What this task involves -
Skip the pictures. Output only the lines below starting at the line with "Tarima de plástico" and ending at the line with "cm) ou plus", both ends included, exactly as they are.

Records for processing -
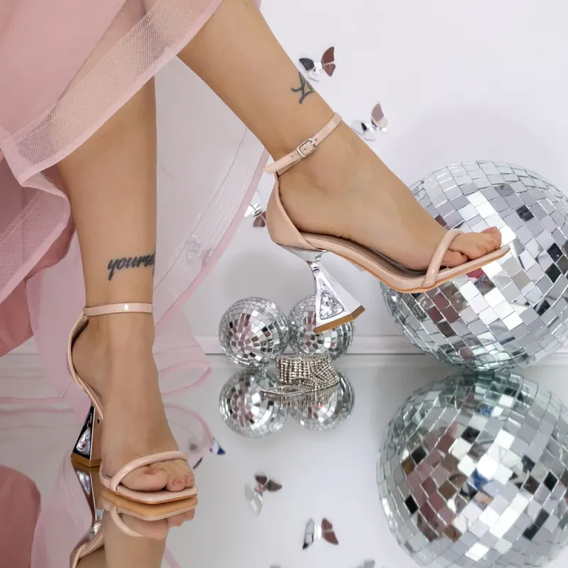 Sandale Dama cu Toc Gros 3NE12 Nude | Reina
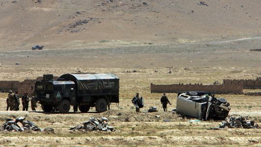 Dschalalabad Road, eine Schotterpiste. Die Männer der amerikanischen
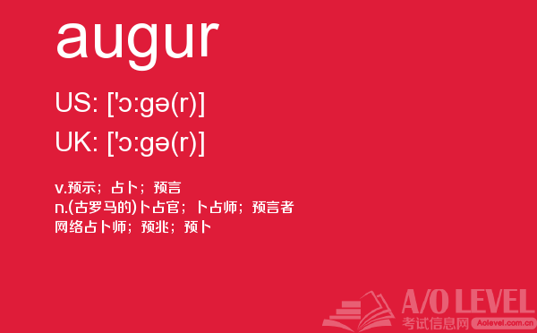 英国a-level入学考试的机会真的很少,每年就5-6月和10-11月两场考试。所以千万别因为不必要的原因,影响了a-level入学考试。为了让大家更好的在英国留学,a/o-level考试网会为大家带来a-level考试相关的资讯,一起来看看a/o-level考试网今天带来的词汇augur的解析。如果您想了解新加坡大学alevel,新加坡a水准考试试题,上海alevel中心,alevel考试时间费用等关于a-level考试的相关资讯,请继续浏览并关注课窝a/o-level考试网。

---

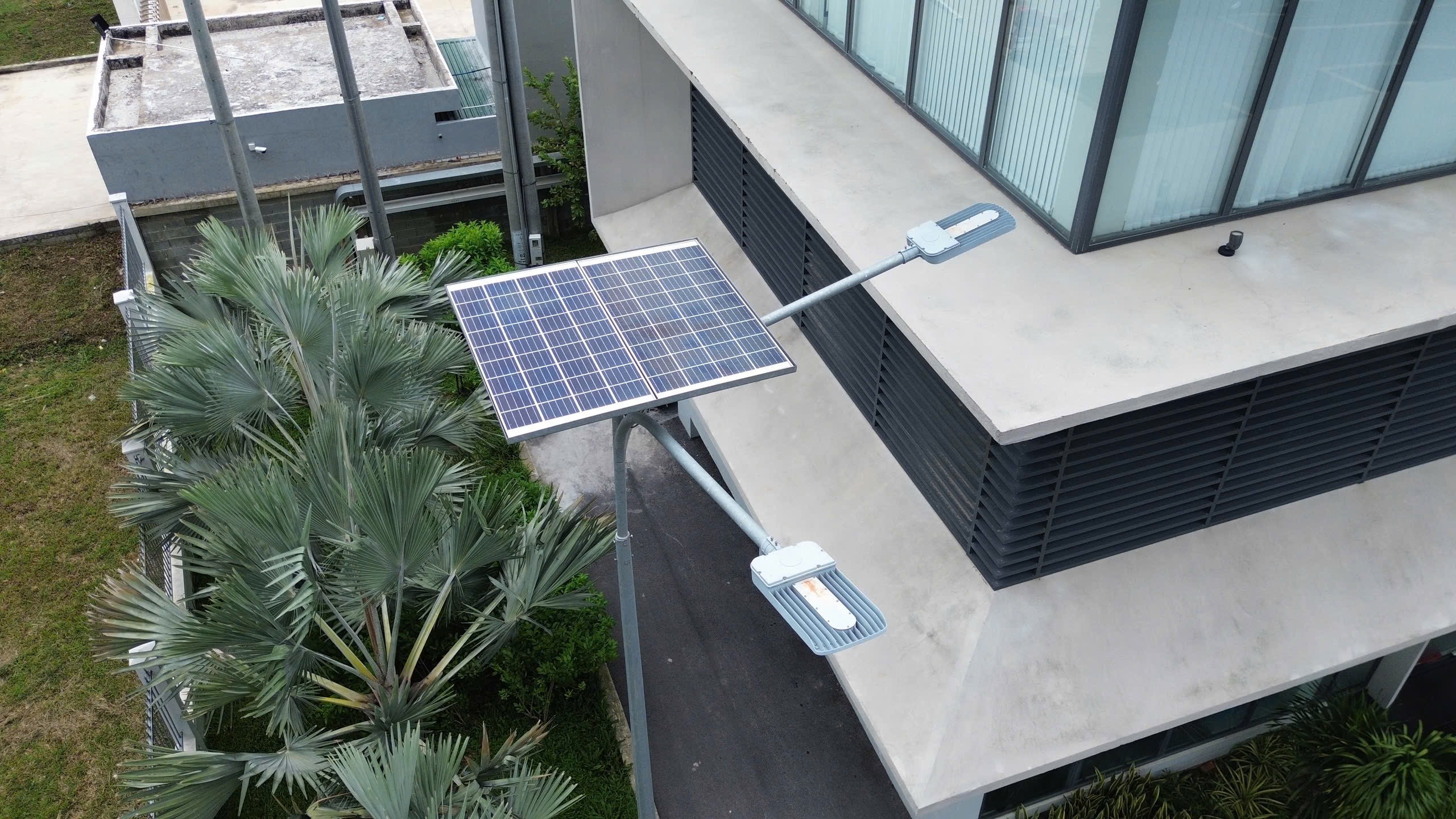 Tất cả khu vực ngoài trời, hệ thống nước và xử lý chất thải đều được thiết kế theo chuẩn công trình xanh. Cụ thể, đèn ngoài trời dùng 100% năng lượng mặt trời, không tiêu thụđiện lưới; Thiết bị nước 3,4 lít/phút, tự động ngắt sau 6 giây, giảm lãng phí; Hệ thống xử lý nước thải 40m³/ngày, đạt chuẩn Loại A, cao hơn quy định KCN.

* * *

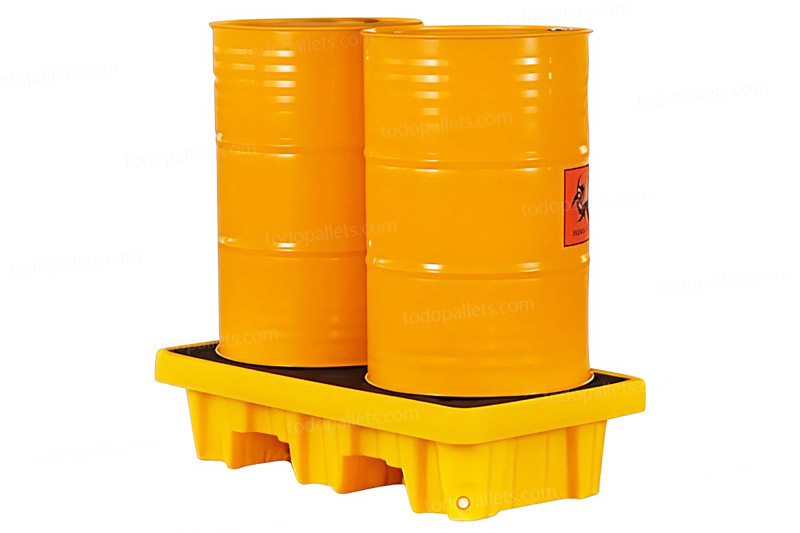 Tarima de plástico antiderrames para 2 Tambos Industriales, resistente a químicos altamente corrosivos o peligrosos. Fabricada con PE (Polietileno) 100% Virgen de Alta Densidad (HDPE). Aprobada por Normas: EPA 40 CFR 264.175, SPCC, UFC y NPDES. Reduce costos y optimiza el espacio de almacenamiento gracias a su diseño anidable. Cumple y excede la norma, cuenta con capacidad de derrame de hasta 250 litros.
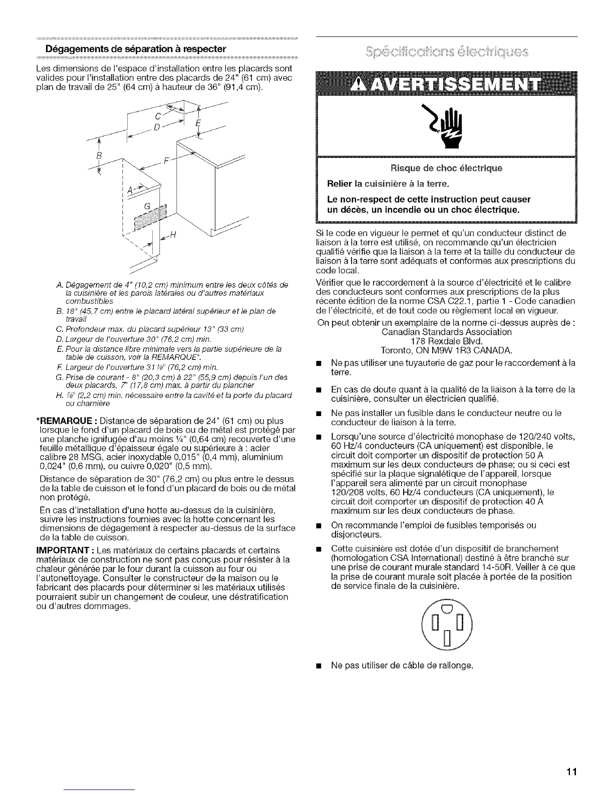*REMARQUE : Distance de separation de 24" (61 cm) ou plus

Solution to the problem -
 Tarima de plástico antiderrames para 2 Tambos Industriales, resistente a químicos altamente corrosivos o peligrosos. Fabricada con PE (Polietileno) 100% Virgen de Alta Densidad (HDPE). Aprobada por Normas: EPA 40 CFR 264.175, SPCC, UFC y NPDES. Reduce costos y optimiza el espacio de almacenamiento gracias a su diseño anidable. Cumple y excede la norma, cuenta con capacidad de derrame de hasta 250 litros.
*REMARQUE : Distance de separation de 24" (61 cm) ou plus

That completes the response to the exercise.